The 50-year-old sister of King Felipe told the court in Mallorca that she had never asked her husband, Inaki Urdangarin, how he ran a property company they jointly owned.

Inaki Urdangarin is accused of using his royal connections to generate business income they used for private spending.

Both deny any wrongdoing. Fifteen other defendants are also on trial.

Princess Cristina could face a maximum of eight years in jail if found guilty.

She denies knowledge of the alleged embezzlement scam that also involves her husband and 16 other defendants.

Asked by her lawyer during the 20-minute appearance why she never talked with her husband about what the company did, Infanta Cristina said they “weren’t issues that interested me”.Princess Cristina tax fraud trial

“At that time my children were very small and we were very busy. He was in charge of the family expenses.

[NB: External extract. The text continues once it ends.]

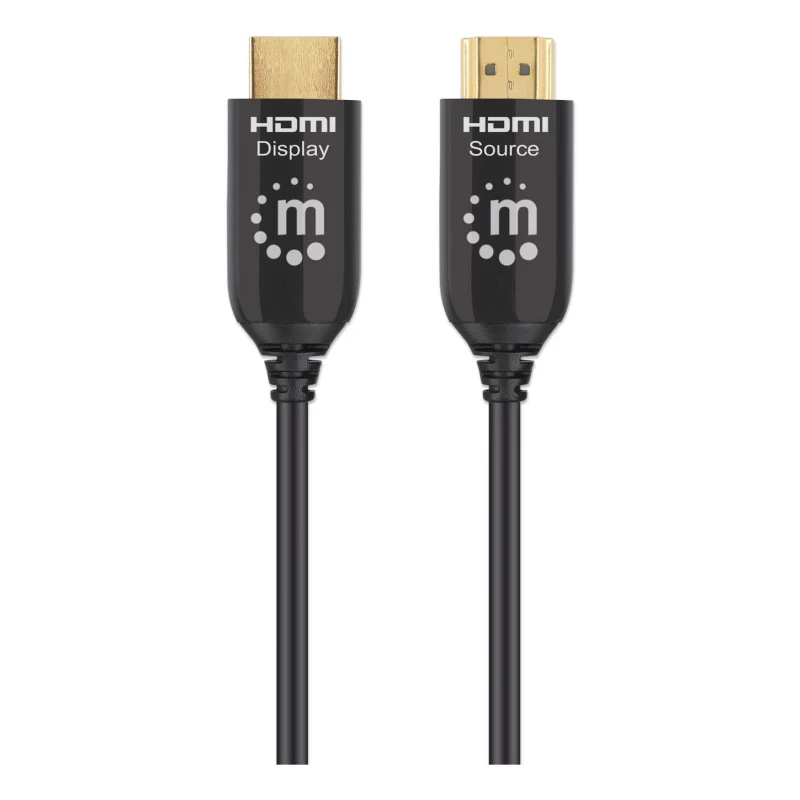 Manhattan AOC (Cable Óptico Activo) HDMI macho a macho, 15 m (50 pies), con clasificación CMP/CPR, compatible con 4K@120Hz, 48G, HDR dinámico, HEC, eARC, contactos chapados en oro, negro Número de modelo: 356152. Longitud de cable: 10 m, Conector 1: HDMI Tipo A (Estándar), Género del conector 1: Macho, Conector 2: HDMI Tipo A (Estándar), Género del conector 2: Macho, Contactos del conector chapado: Oro, Versión HDMI: 2.1, Velocidad de transferencia de datos: 48 Gbit/s, Canal de retorno de audio (ARC), Color del producto: Negro

I didn’t get involved in that,” she added.

The case was launched in 2010 and has become highly symbolic of perceived corruption among Spain’s elites, including the royal family.

In 2015, King Felipe stripped his sister and her husband Inaki Urdangarin of their titles, the Duke and Duchess of Palma de Mallorca.

Princess Cristina now lives in Switzerland, but remains the sixth in line to the Spanish throne and is the first member of the royal family to go on trial.

Her lawyers argued that as public prosecutors had refused to press charges against her, the counts should be dismissed.

However, the three judges agreed to continue with the prosecution using the evidence filed by the anti-corruption group Manos Limpias (Clean Hands).

The charges relate to the real estate company Aizoon that Princess Cristina owned with Inaki Urdangarin, a former Olympic handball medalist.

Princess Cristina is accused of making personal use of Aizoon funds for paying for clothes and dance lessons for the couple’s children, as well as work on the couple’s Barcelona mansion, which reduced the company’s taxable profits.

Inaki Urdangarin is alleged to have used the non-profit Noos Institute sports foundation he ran as a vehicle to win falsely inflated contracts from regional government bodies, before channeling the money to personal accounts via tax havens.

Noos is alleged to have received more than €6m ($6.5 million) of public money, most of it from the Balearic Islands and Valencia regional governments.